Проходит в гостиную, ложится прямо в юбке и блузке на диван, и укрывается тонким пледом, что висел на спинке.
Наблюдаю за ней. Катя на меня не реагирует.
— Может поешь чего-нибудь? Или выпьешь?
— Нет, — снова тихий хрип.
А меня этот звук по-живому режет. Хочется расхерачить всё вокруг, чтобы её боль облегчить. Позвонить зав. отделению и попросить уволить Катю к чертовой матери, чтобы больше не видеть её такой, чтобы больше ей не пришлось это переживать.
Слышу шаги в глубине дома. Мы не включали свет, поэтому только по очертаниям фигуры догадываюсь, что у входа в комнату стоит Катин отец. Подхожу к нему.
— Не спасла? — Тихо спрашивает он.
— Нет. — Также едва слышно отвечаю я.
— Спасибо, что привёз. Сейчас её лучше не трогать. Завтра она возьмет себя в руки. Пусть поплачет. Мы за ней присмотрим.
— Я здесь останусь, — не спрашиваю, ставлю перед фактом.
Отец Кати внимательно смотрит мне в глаза. Выдерживаю его взгляд. Он, поняв что-то для себя, кивает и тихо информирует:
— Где гостевая комната, ты знаешь. Спокойной ночи. — Тихо разворачивается и уходит.

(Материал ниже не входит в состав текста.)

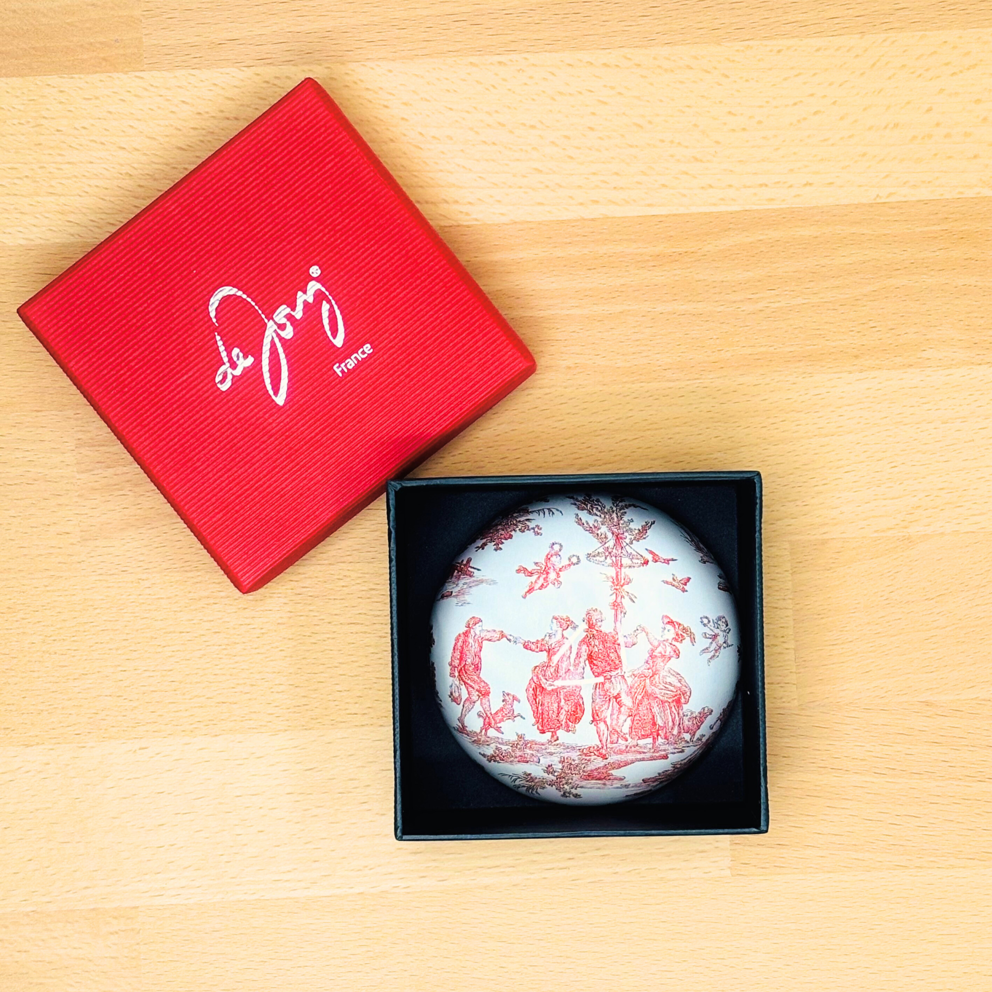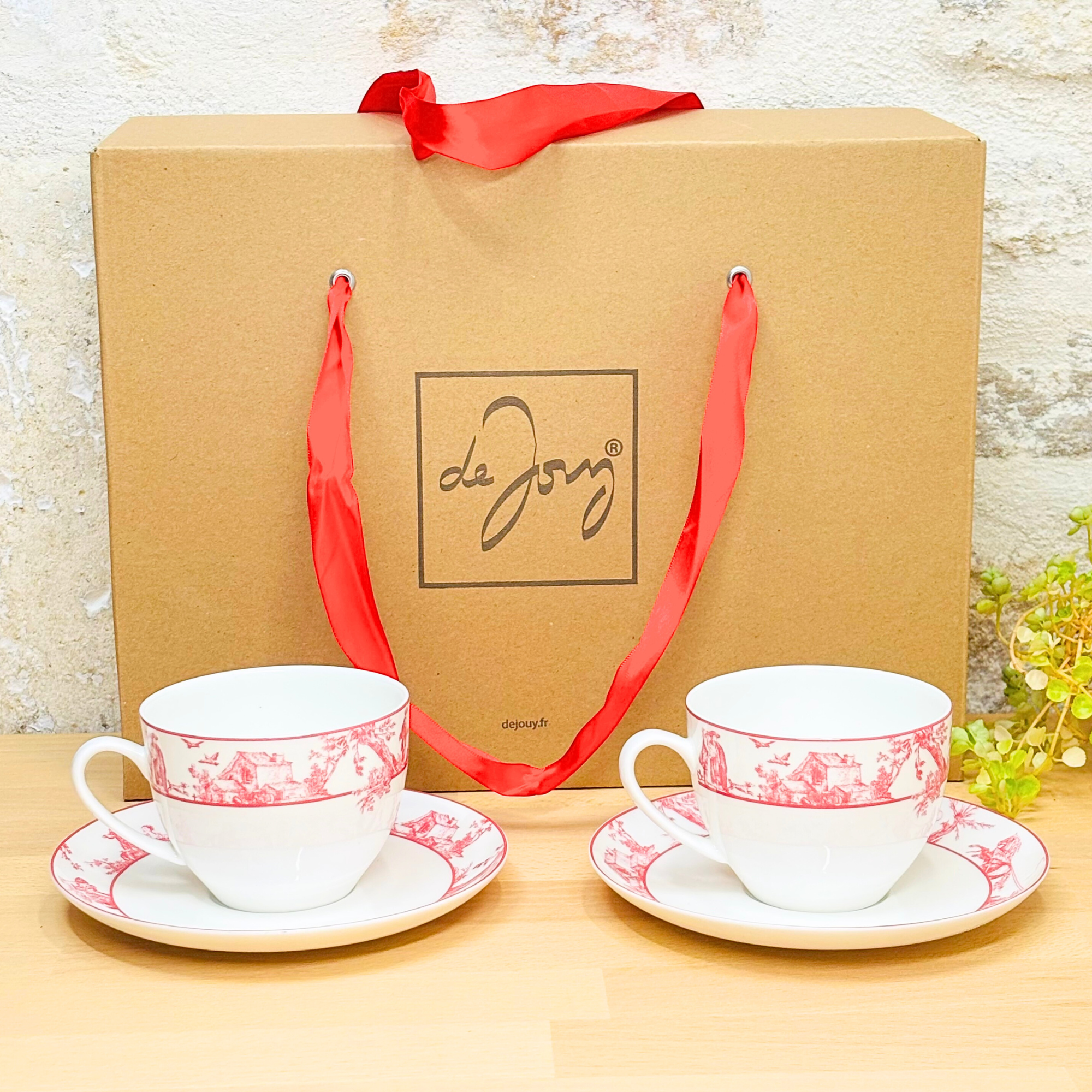 Créer il y a quelques années par mon père Etienne et mon oncle Pascal, la marque deJouy est inspirée de la toile de Jouy inventée par Christophe -Philippe Oberkampf à Jouy-en-Josas en 1760 et des dessins du peintre du roi Jean-Baptiste Huet (1745 – 1811), très répandue dans la culture française, notamment pour les papier peints, les tissus, les porcelaines, même depuis quelques années, un motif qui est rentré dans le code iconique de la Maison Christian Dior.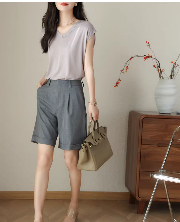 Áo thun nữ cao cấp chất liệu Tencel mát mẻ, dáng ôm, cổ chữ V, không tay, kiểu dáng ngắn, mới cho mùa hè.

Я не отвечаю. Снимаю пиджак и галстук. Бросаю их на спинку дивана. А сам устраиваюсь на стуле у стены рядом со входом в комнату. Вытягиваю ноги. Скрещиваю руки на груди, и, упираясь затылком в стену, закрываю глаза, пытаясь расслабиться.
Через некоторое время слышу шуршащие шаги собаки, в комнату заходит Снежка. Обнюхивает меня, идёт к дивану и, запрыгнув на него, устраивается рядом с Катей. Она вытаскивает руку из-под пледа, обнимает Снежку и начинает всхлипывать. А собака смирно лежит рядом, позволяя себя обнимать.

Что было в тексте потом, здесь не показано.